TERRE HAUTE —
Tsali Lough and Aaron See will be wrestling unfamiliar opponents today in Bankers Life Fieldhouse at Indianapolis — and considering the high school wrestlers they got through last week to get to this point, maybe that’s a good thing.
Lough, Terre Haute South’s 160-pounder, meets Damian Gomez of Hammond Noll and See, a 220-pounder from Northview, will battle Austin Gearlds of Greenfield-Central in the state finals. Carter Lewis, a 170-pounder from Greencastle, also wrestles today against Darryl Peppers of Merrillville.
Today’s winners earn the right to wrestle three more rounds on Saturday to determine places one through eight. Today’s losers are through for the season.
Whether today or Saturday, this weekend will be the last high school wrestling for both Lough and See — the last wrestling of any kind for Lough, who will be attending Indiana State as a football player. See’s options are still “up in the air,” he said this week, with either college wrestling or college football still possible.
“I’m just trying to finish strong,” Lough said this week. “I want to go up there and wrestle the best wrestling I’ve ever done in my life.”
“I’m pretty excited,” said See. “I’ve been training pretty hard. I’m just ready for the time for me to wrestle.”
Lough finished first at last weekend’s Evansville Semistate, in a bracket that included four wrestlers ranked higher than he was. See was third last week, beating an opponent with 52 victories for the season in the third-place match after losing to one of the two 220-pounders who took unbeaten records into the championship match at that weight.

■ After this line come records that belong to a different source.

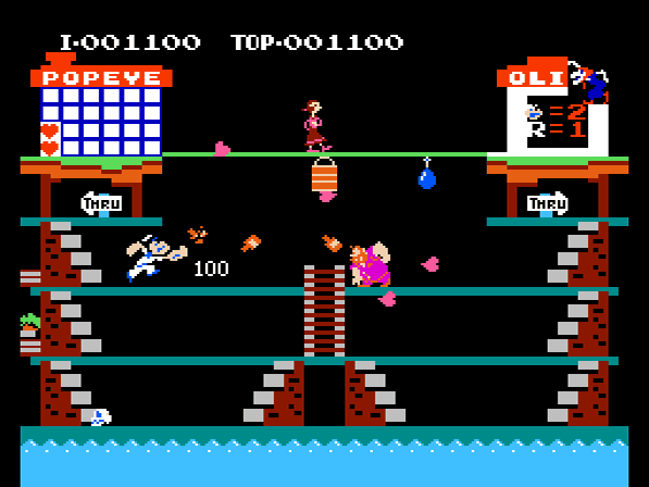 Im Spiel hat es Popeye natürlich mit seinem ewigen Widersacher Pluto - auch als Brutus bekannt - zu tun. Und wie auch aus den Cartoons bekannt, kämpfen die beiden um nichts anderes, als das Herz Olivias. Popeyes Herzblatt steht dabei ganz oben auf einer Plattform und wirft mit Herzchen, die er alle einsammeln muss, um seine Liebe zu beweisen. Doch so einfach wie das jetzt klingt, ist es leider auch nicht. Pluto macht Popeye dabei gehörig die Hölle heiß und jagt ihn quer durch den ganzen Level. Als ob das nicht genug wäre, wirft er zusätzlich mit Flaschen nach dem Seemann. Gar nicht so einfach, dabei auf die Herzchen zu achten, während sie langsam oben nach unten gleiten. Werden die Herzchen auf dem Boden liegen gelassen und nicht eingesammelt, findet Popeyes Abenteuer ein schnelles Ende und darf noch mal von vorne beginnen.
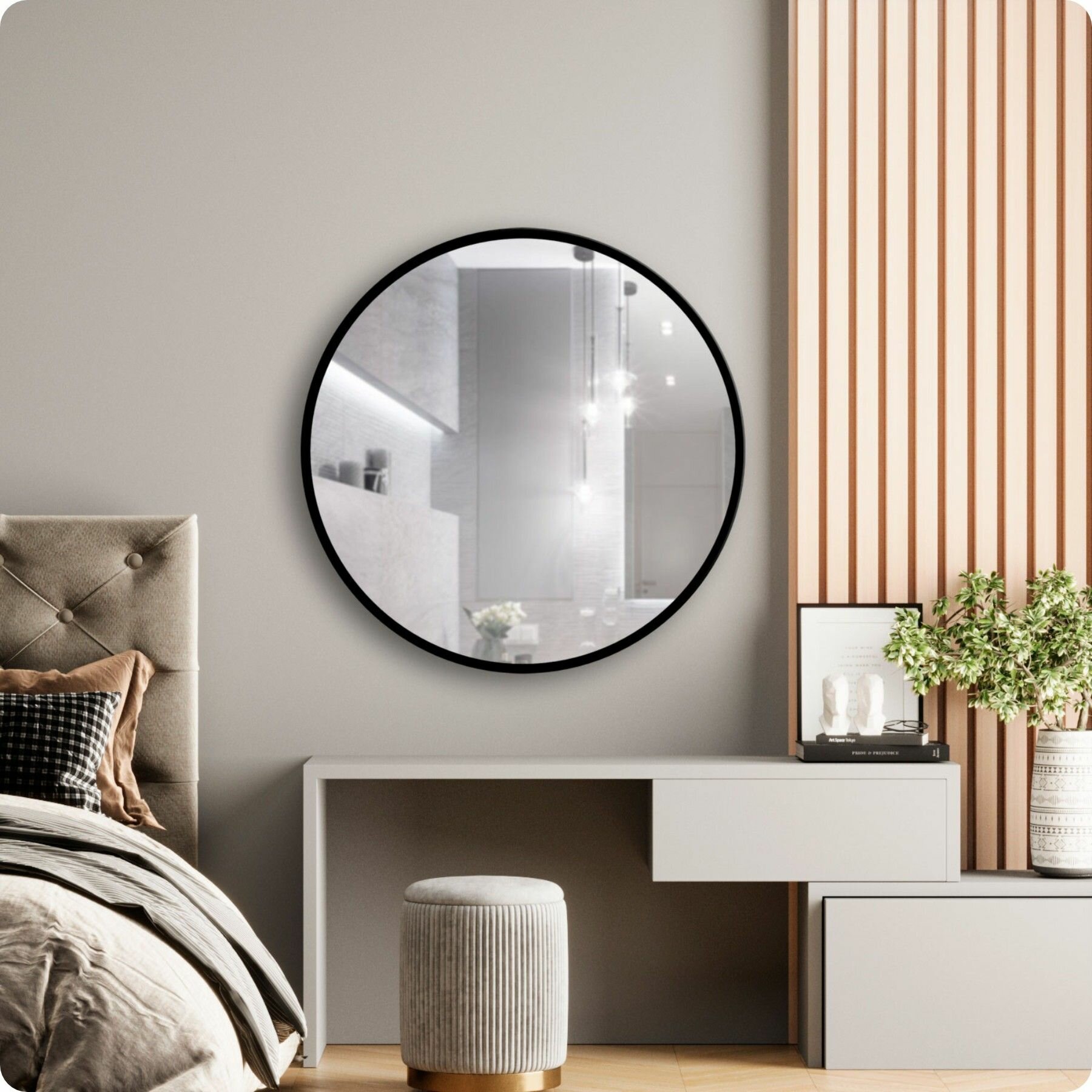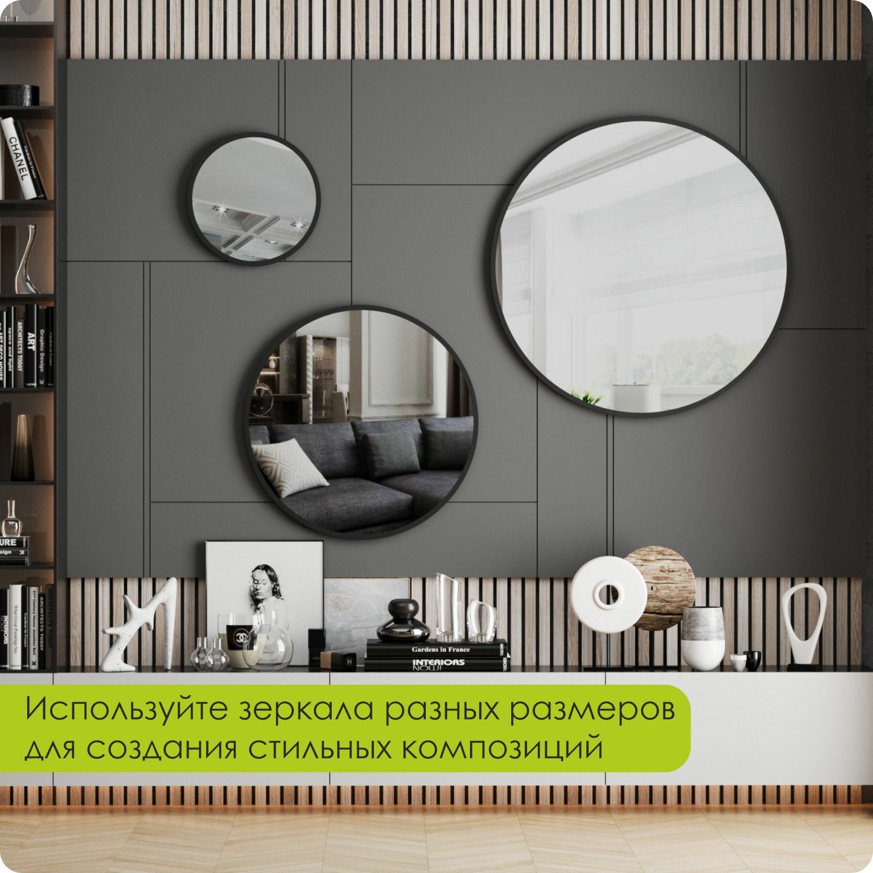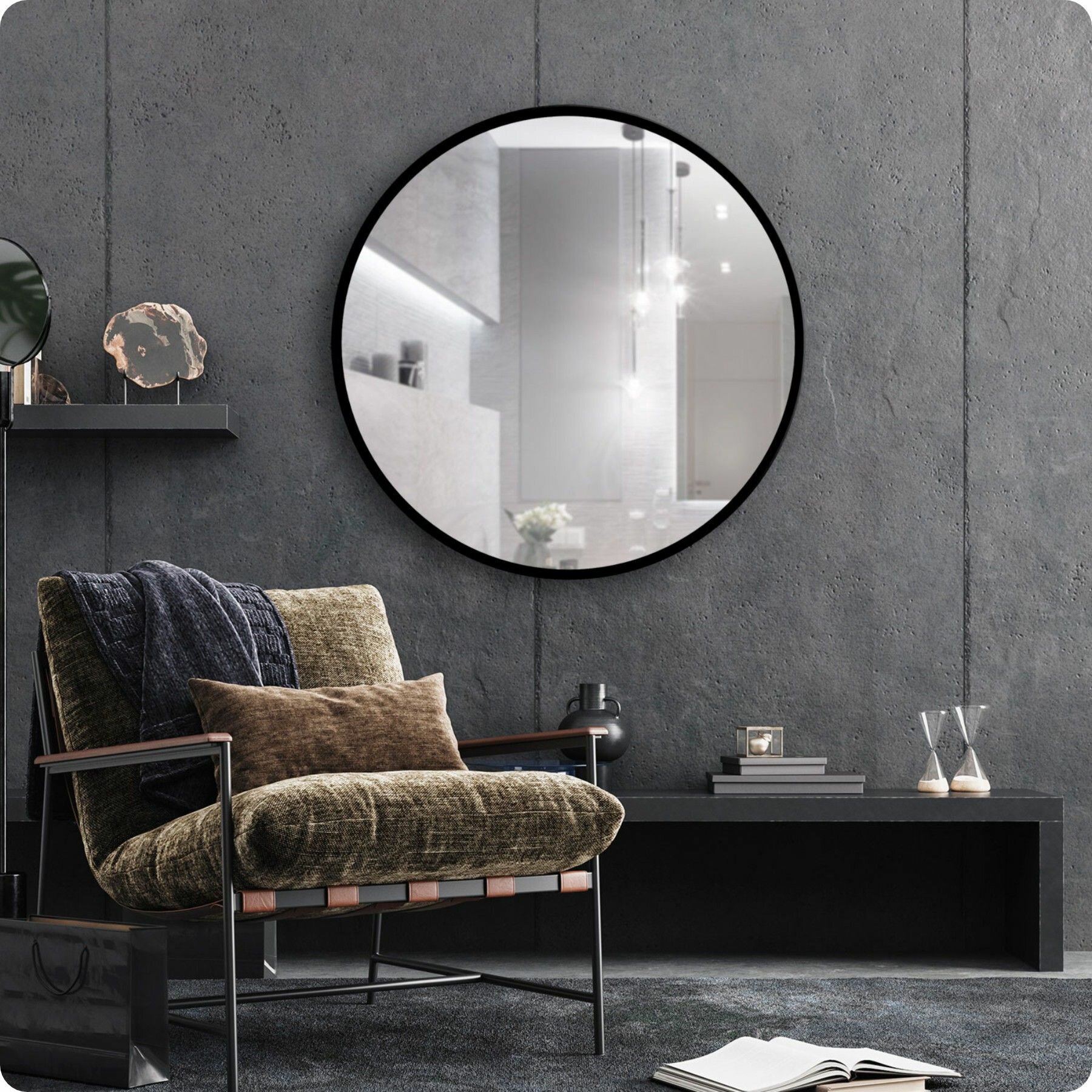 СохранитьЗеркало настенное, зеркало, 80х80 круглое, черное интересное:
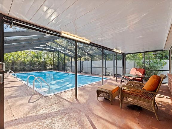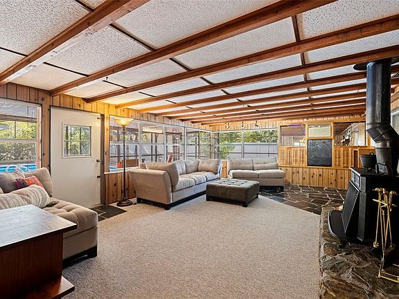 Live the Florida lifestyle in this spacious mid-century pool home with direct golf course views in Tampa’s North Side Country Club community, with views of the beloved Babe Zaharias Golf Course. This home offers the perfect blend of character, space and opportunity. Built in 1954, this home is being sold by the second ever owner! While cosmetic updates will allow you to make it truly your own, it has been maintained where it matters most. The HVAC is a 2019, the whole home has been replumbed, as well as rewired, and 36 solar panels ensure energy efficiency. With the essential systems already taken care of, you can put your energy into personalizing this mid-century home to make it uniquely yours. The home unfolds into a layout designed for connection: formal living and dining rooms, plus views of the pool and the fairway beyond. The kitchen features solid wood-core cabinetry, offering durability and charm with the potential to be refreshed to your taste. Throughout the home, the thoughtful floor plan supports everyday living as well as effortless entertaining. The accent wall made of real stone and the Ben Franklin wood stove add a warm, cozy focal point that sets this home apart from today’s newer builds. The split-bedroom layout provides privacy, and storage is abundant. Practical upgrades include an ADT security system, irrigation system, and the home is wired for a generator in case of power outages. Outside, you can embrace the Florida lifestyle: a screened pool for sunny afternoons, a fully fenced backyard perfect for pets or play, and avocado and mango trees that bring a touch of the tropics to your own backyard. A rarity in this neighborhood, the expanded, powered studio-style shed opens up endless possibilities — an art studio, home gym, workshop, office, game room, or workshop. Set in a sought-after community close to local dining, shopping, and everything Tampa has to offer, this home is more than a place to live, it’s a lifestyle waiting for your personal vision.
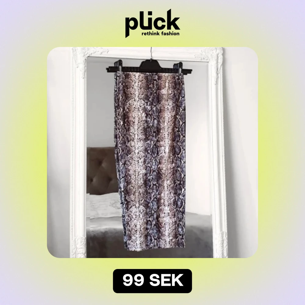Färg: beige-mönstrad. Strl: XS. Snygg kjol med ormmönster från gina Tricot. Helt NY, aldrig använd. Bred resor i midjan i elastiskt material. Fin lyster. Kommer ej till användning och stor garderobsrensning pågår!
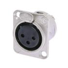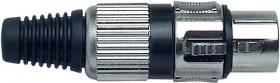 Mini XLR kabelový konektor - samice, 3-pinový, s pojistkou, kovové pouzdro, barva černo-stříbrná, kontakty nikl, pájecí, pro kabely o průměru 3 - 4,5 mm

“I look for all four of those kids [at 220 pounds] from last week to win their first-round matches [today],” coach Dan Mikesell of Northview predicted.
Lough’s semistate championship means he’s wrestling a fourth-place semistate wrestler in today’s match, and if he wins would wrestle either a semistate runner-up (Isaac Steury, 36-2, of Leo) or a third-place finisher from last week (Connor Robinson, 36-8, of New Palestine).
Two victories would put Lough in the semifinals, possibly against second-ranked Kirk Johnson, 43-2, of Perry Meridian. The weight-class favorite, unbeaten Brian Harvey of Indianapolis Cathedral, is in the bottom bracket. Harvey was state runner-up last year and has handed Johnson both his losses.
“It’s one match at a time,” pointed out coach Gabe Cook of South. “We’re going to focus on how Tsali wrestles best and try to simulate some different styles [in practice] in expectation of anybody he might face.”
P.J. Montgomery, South’s state runner-up a year ago, has been Lough’s practice partner.
“It’s really wide open,” Cook predicted, “and with Tsali you don’t have to worry about him being pumped, about him working hard in the room and about his effort. He’s got an opportunity.”
“I just want to beat everybody,” Lough said, “and prove to everybody that the rankings are wrong. That’s why I come up here [to the wrestling room] to practice every day.”
See, who has practiced this week against a smaller opponent in teammate Jesse Miller (Northview’s 195-pounder) and a bigger one in teammate Justin Sampson (the Knights’ 285-pounder), will be sorry to see his Northview career end.
“I’m real sad about that,” he said. “I’m going to miss our program and all our coaches, and I’m going to miss being the big guy on campus … but I plan to come back to help [coach] next year if I can, because I think Jesse and Justin will be going to state then.”
If See is a winner tonight, he’ll probably see unbeaten Seth Biberstine of Southern Wells in his first match Saturday. But the Knights aren’t looking ahead.
“I’ve never seen [Gearlds],” See said, “but I hear he does a lot of upper-body [wrestling]. That helps me, because I like getting on [my opponent’s] legs … I’ll just wrestle my game and not let him get in on me — wait for a mistake and capitalize.”
“[This weekend] caps off his career,” Mikesell said. “He set our school record for pins in a season [26 and counting this year, after 24 during his junior season] and pins in a career [80 so far].
“[Tonight] he’s got to control the [tie-ups] and take control of the match,” the coach continued, “but if he wrestles like he did at the semistate, he’ll be in good shape.”
• Time: First matches (106 pounds) at 6 p.m. today. Second-round matches begin 9:30 a.m. Saturday, followed immediately by third round. Consolation matches at 5 p.m. Saturday, championship matches at 7:30.
• Place: Bankers Life Fieldhouse
• Broadcast: www.broadcastsport.net will stream live video both today and Saturday; www.ihsaatv.org will broadcast the championship matches at 7:30 p.m. Saturday.